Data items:
==*==

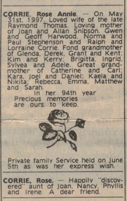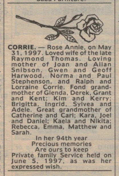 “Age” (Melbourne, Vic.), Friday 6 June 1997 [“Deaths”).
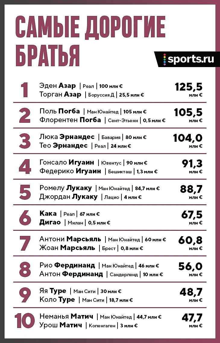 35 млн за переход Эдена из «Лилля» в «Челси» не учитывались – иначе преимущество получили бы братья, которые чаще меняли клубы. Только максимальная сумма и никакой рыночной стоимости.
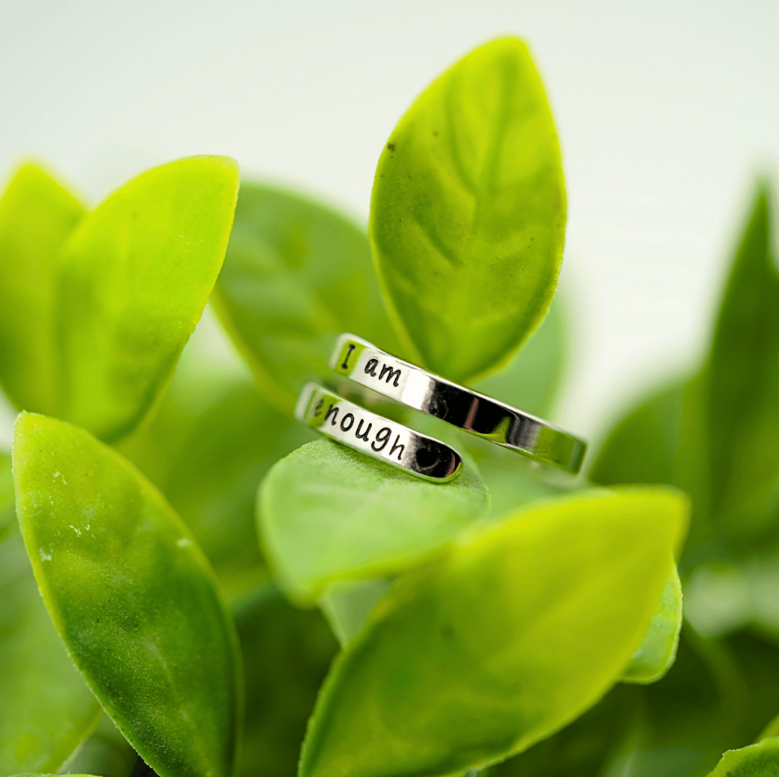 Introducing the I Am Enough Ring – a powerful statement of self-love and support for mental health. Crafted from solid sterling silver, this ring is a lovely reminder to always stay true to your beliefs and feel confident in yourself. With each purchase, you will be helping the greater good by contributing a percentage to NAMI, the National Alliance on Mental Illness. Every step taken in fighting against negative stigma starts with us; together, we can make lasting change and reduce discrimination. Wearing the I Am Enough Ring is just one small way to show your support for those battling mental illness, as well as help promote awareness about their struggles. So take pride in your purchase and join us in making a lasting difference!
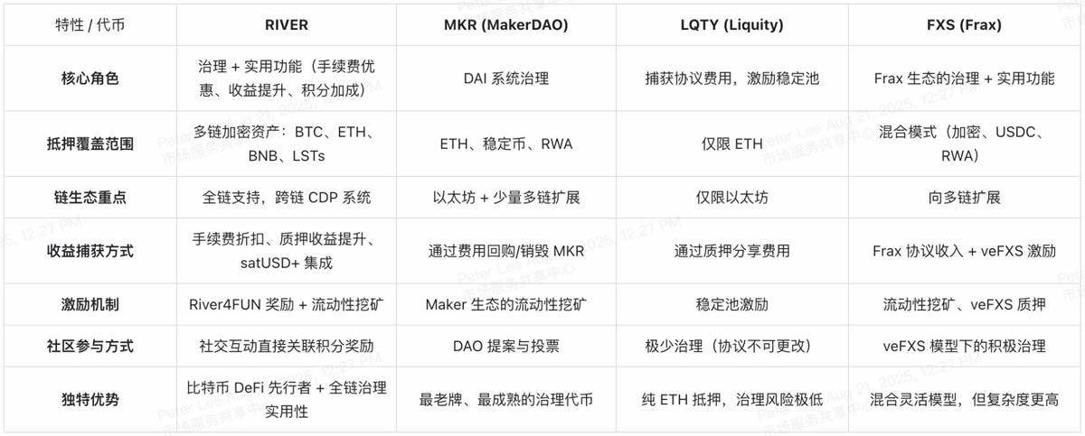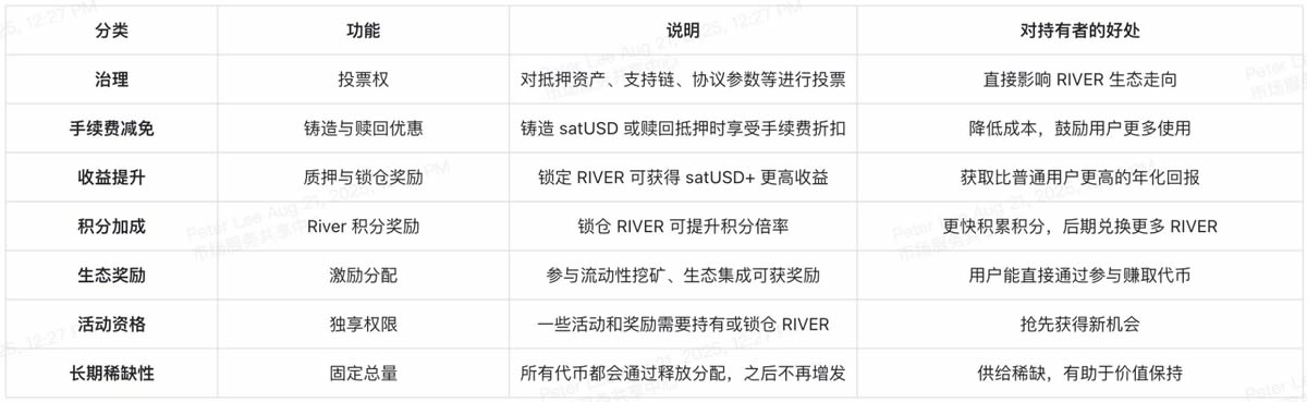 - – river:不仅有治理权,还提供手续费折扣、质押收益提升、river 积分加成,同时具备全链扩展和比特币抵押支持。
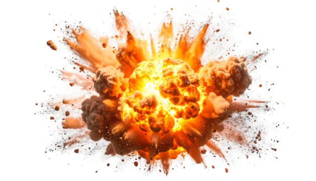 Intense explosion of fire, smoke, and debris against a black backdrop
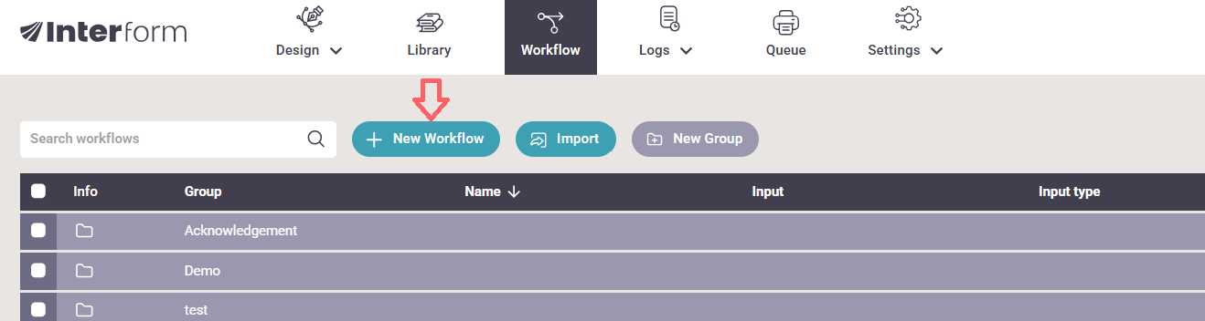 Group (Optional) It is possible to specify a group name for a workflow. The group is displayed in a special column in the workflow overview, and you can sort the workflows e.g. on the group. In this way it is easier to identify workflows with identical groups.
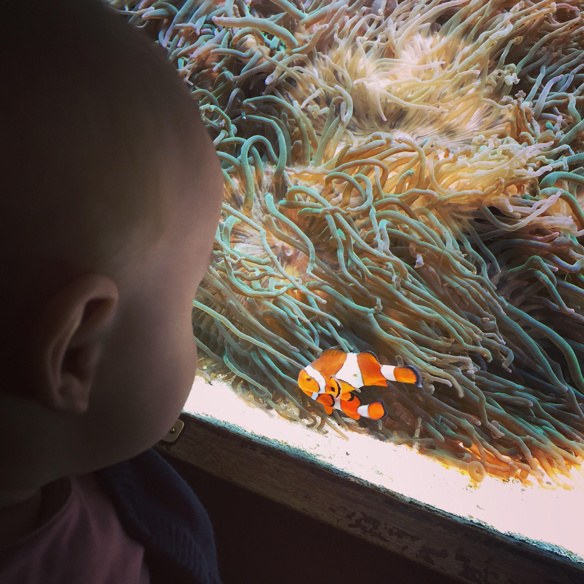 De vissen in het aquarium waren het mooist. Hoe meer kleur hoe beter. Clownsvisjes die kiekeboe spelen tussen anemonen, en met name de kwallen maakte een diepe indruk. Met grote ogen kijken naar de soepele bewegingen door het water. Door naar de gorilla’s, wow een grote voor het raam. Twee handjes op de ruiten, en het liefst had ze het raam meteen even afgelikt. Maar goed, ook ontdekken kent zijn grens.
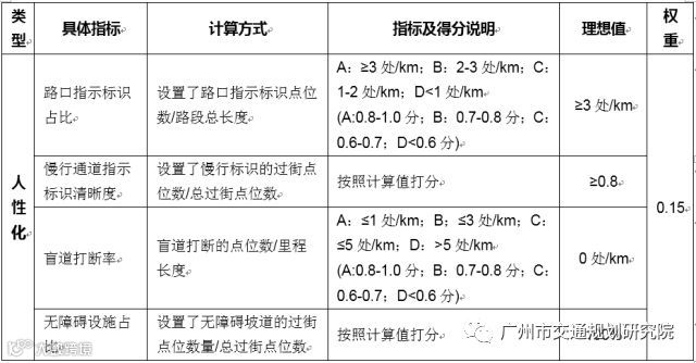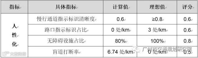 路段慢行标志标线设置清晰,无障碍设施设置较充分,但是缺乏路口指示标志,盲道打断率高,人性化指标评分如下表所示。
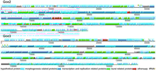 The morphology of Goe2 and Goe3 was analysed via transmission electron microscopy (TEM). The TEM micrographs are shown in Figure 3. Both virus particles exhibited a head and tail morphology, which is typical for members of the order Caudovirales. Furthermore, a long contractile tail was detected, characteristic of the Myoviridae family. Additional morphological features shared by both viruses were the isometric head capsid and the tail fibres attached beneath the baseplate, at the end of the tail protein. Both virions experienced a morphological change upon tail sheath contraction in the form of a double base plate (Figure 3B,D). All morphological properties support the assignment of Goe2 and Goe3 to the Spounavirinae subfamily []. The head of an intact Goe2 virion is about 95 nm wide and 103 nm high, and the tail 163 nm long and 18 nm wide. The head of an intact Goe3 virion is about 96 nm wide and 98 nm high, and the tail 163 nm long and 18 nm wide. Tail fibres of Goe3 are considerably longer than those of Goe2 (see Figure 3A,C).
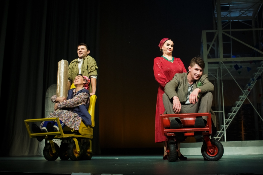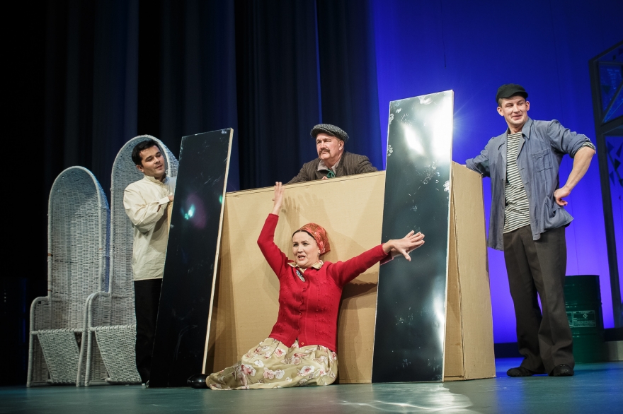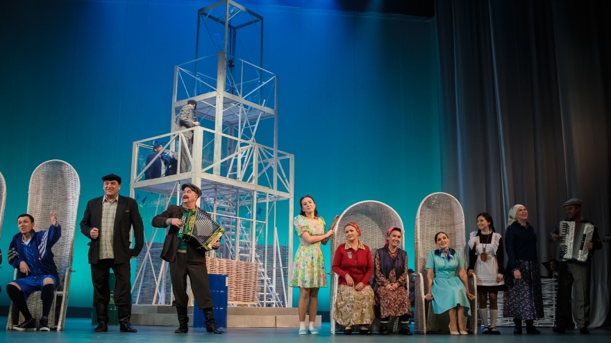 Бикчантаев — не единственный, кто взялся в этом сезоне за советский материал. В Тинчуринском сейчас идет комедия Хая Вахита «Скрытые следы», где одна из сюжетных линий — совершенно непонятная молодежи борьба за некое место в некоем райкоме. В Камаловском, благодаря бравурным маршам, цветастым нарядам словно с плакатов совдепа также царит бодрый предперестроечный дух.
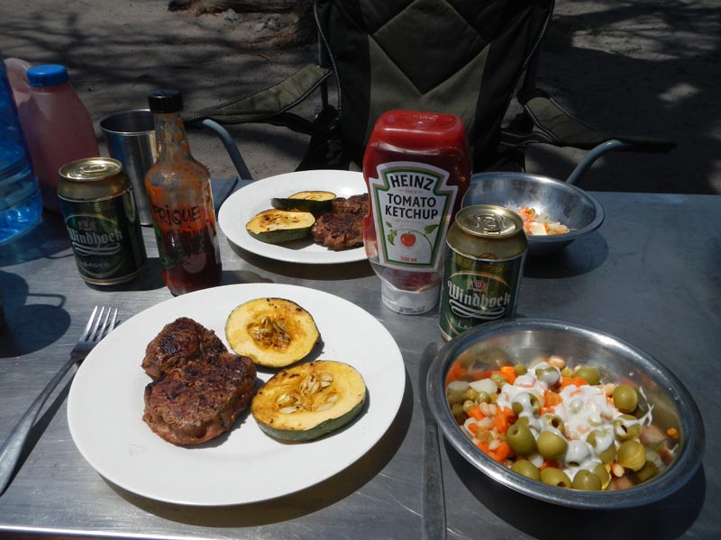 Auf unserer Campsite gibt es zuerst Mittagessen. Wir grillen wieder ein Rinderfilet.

==*==

* Exercise details
The reply should hold only the lines from the first line of the records above through the line containing "35 млн за переход", copied exactly and without pictures.

* Reply
 “Age” (Melbourne, Vic.), Friday 6 June 1997 [“Deaths”).
 35 млн за переход Эдена из «Лилля» в «Челси» не учитывались – иначе преимущество получили бы братья, которые чаще меняли клубы. Только максимальная сумма и никакой рыночной стоимости.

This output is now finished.